Task description »
Could you retype the entries below exactly, omitting every picture?
_ _ _
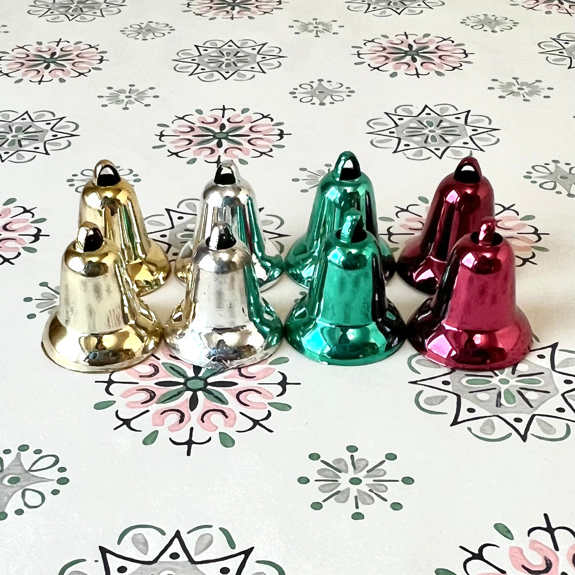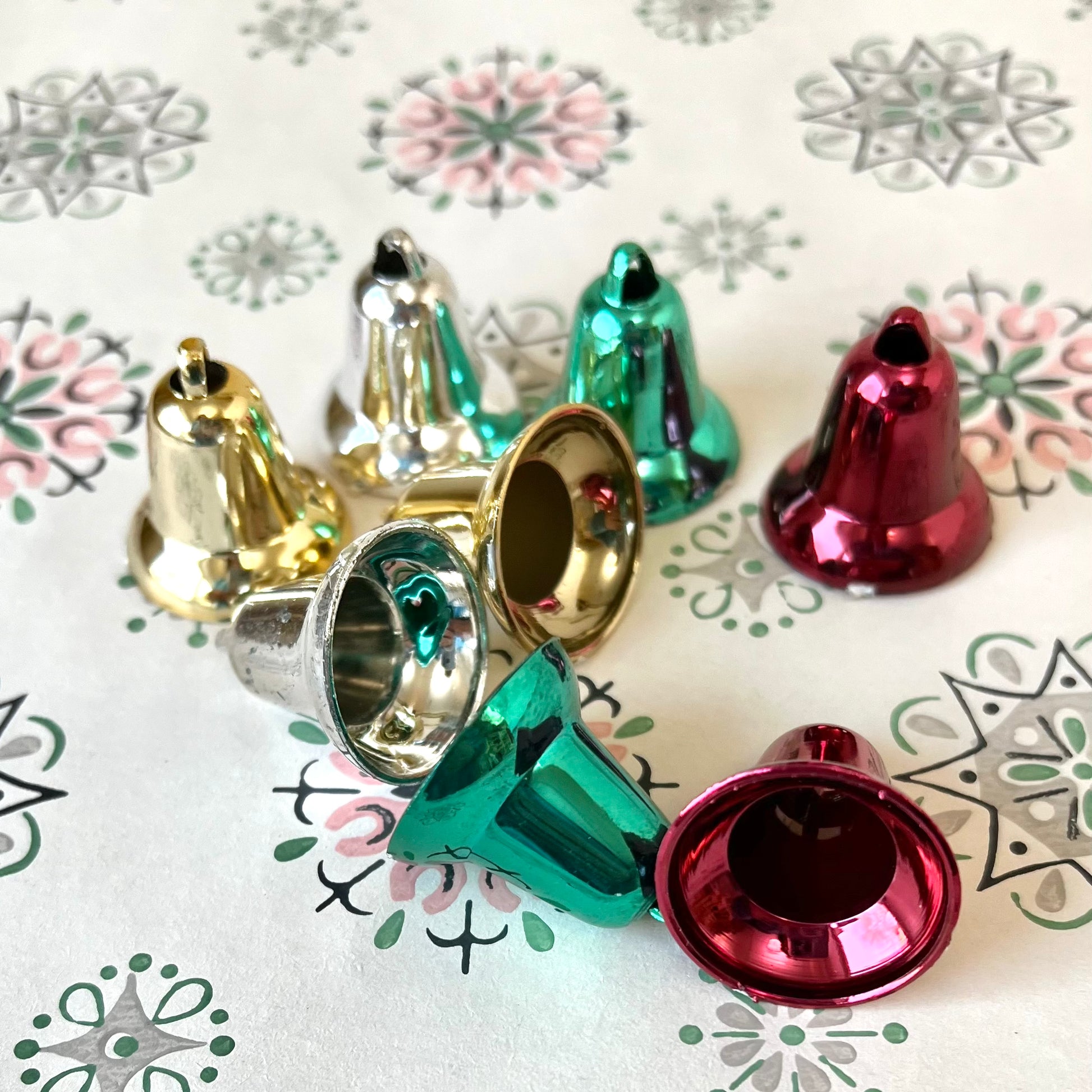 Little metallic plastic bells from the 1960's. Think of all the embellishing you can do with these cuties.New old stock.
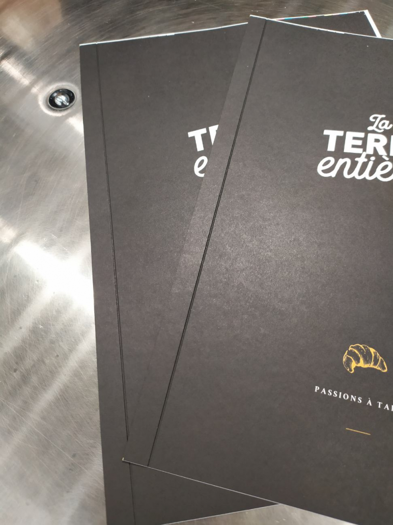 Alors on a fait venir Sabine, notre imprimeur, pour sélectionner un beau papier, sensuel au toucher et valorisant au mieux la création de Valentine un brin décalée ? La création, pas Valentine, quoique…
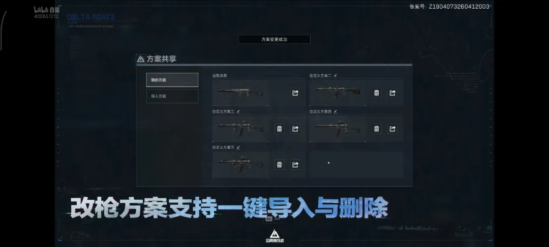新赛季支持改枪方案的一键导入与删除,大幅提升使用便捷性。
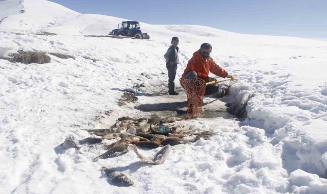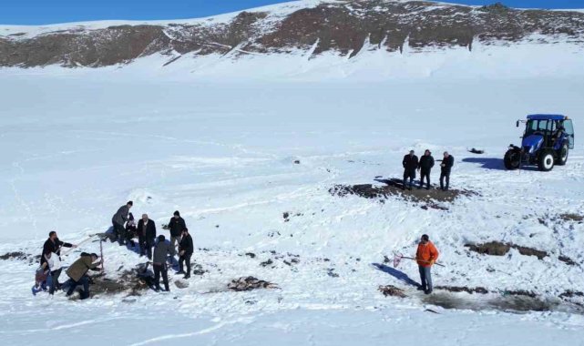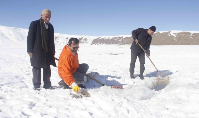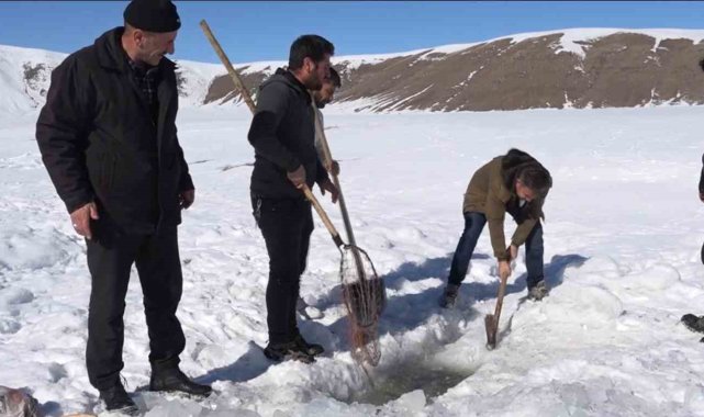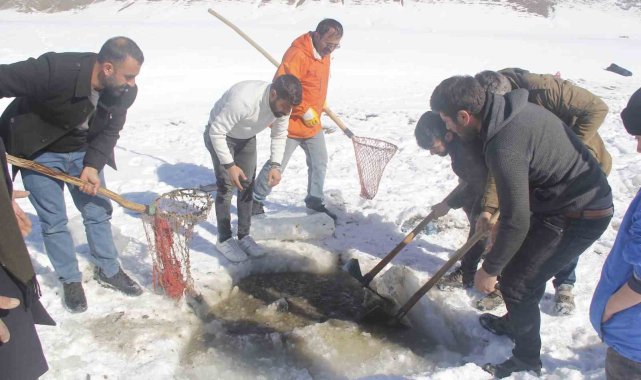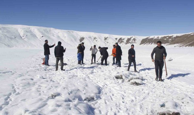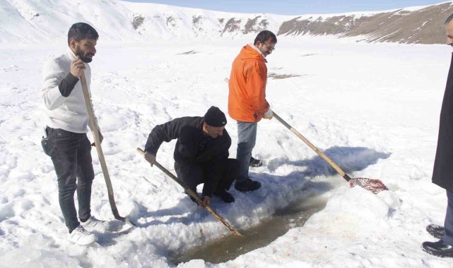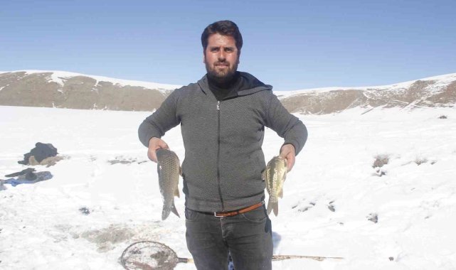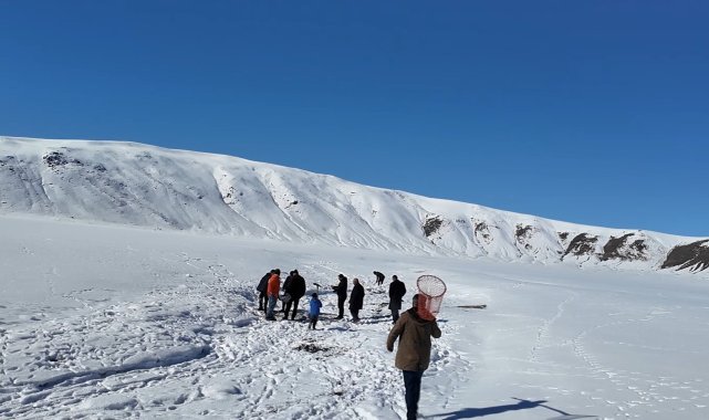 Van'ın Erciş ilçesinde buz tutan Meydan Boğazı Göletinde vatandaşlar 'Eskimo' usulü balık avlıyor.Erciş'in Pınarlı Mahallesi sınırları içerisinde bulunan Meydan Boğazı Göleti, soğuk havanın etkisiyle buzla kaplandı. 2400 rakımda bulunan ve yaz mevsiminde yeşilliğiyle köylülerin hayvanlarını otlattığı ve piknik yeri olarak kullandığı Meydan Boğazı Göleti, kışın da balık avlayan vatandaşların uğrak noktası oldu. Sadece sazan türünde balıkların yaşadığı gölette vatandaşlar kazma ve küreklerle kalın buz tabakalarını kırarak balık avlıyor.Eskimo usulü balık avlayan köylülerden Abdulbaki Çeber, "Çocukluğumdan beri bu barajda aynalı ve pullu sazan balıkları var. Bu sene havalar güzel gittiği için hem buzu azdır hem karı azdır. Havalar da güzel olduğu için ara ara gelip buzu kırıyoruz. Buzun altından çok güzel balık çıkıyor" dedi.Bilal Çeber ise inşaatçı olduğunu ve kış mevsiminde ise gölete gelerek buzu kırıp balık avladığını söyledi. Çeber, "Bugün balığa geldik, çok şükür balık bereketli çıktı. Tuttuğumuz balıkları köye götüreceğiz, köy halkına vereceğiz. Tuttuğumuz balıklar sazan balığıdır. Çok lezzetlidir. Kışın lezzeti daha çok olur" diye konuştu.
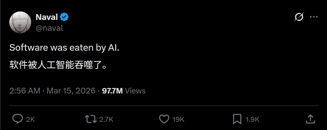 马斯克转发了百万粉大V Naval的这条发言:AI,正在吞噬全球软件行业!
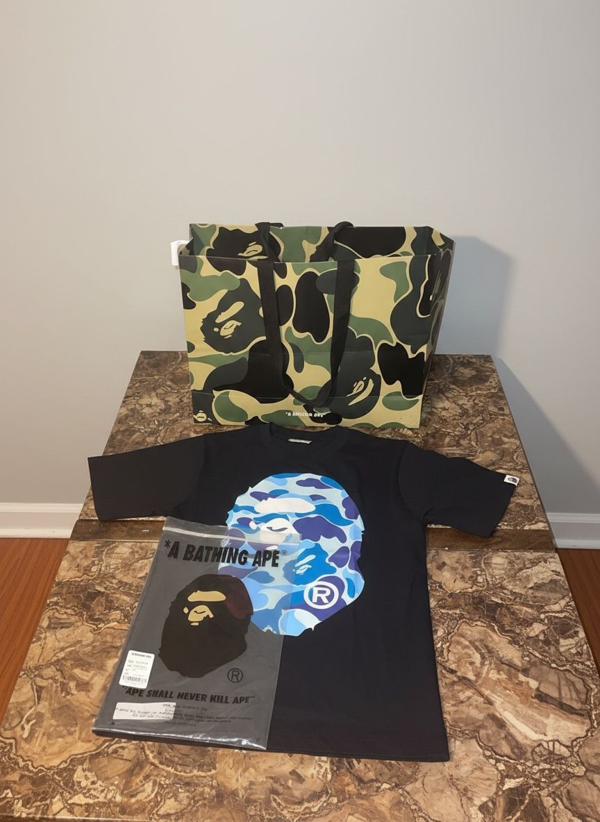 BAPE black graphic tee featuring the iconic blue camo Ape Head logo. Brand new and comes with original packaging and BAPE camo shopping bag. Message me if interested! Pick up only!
_ _ _
Exercise result »
 Little metallic plastic bells from the 1960's. Think of all the embellishing you can do with these cuties.New old stock.
 Alors on a fait venir Sabine, notre imprimeur, pour sélectionner un beau papier, sensuel au toucher et valorisant au mieux la création de Valentine un brin décalée ? La création, pas Valentine, quoique…
新赛季支持改枪方案的一键导入与删除,大幅提升使用便捷性。
 Van'ın Erciş ilçesinde buz tutan Meydan Boğazı Göletinde vatandaşlar 'Eskimo' usulü balık avlıyor.Erciş'in Pınarlı Mahallesi sınırları içerisinde bulunan Meydan Boğazı Göleti, soğuk havanın etkisiyle buzla kaplandı. 2400 rakımda bulunan ve yaz mevsiminde yeşilliğiyle köylülerin hayvanlarını otlattığı ve piknik yeri olarak kullandığı Meydan Boğazı Göleti, kışın da balık avlayan vatandaşların uğrak noktası oldu. Sadece sazan türünde balıkların yaşadığı gölette vatandaşlar kazma ve küreklerle kalın buz tabakalarını kırarak balık avlıyor.Eskimo usulü balık avlayan köylülerden Abdulbaki Çeber, "Çocukluğumdan beri bu barajda aynalı ve pullu sazan balıkları var. Bu sene havalar güzel gittiği için hem buzu azdır hem karı azdır. Havalar da güzel olduğu için ara ara gelip buzu kırıyoruz. Buzun altından çok güzel balık çıkıyor" dedi.Bilal Çeber ise inşaatçı olduğunu ve kış mevsiminde ise gölete gelerek buzu kırıp balık avladığını söyledi. Çeber, "Bugün balığa geldik, çok şükür balık bereketli çıktı. Tuttuğumuz balıkları köye götüreceğiz, köy halkına vereceğiz. Tuttuğumuz balıklar sazan balığıdır. Çok lezzetlidir. Kışın lezzeti daha çok olur" diye konuştu.
 马斯克转发了百万粉大V Naval的这条发言:AI,正在吞噬全球软件行业!
 BAPE black graphic tee featuring the iconic blue camo Ape Head logo. Brand new and comes with original packaging and BAPE camo shopping bag. Message me if interested! Pick up only!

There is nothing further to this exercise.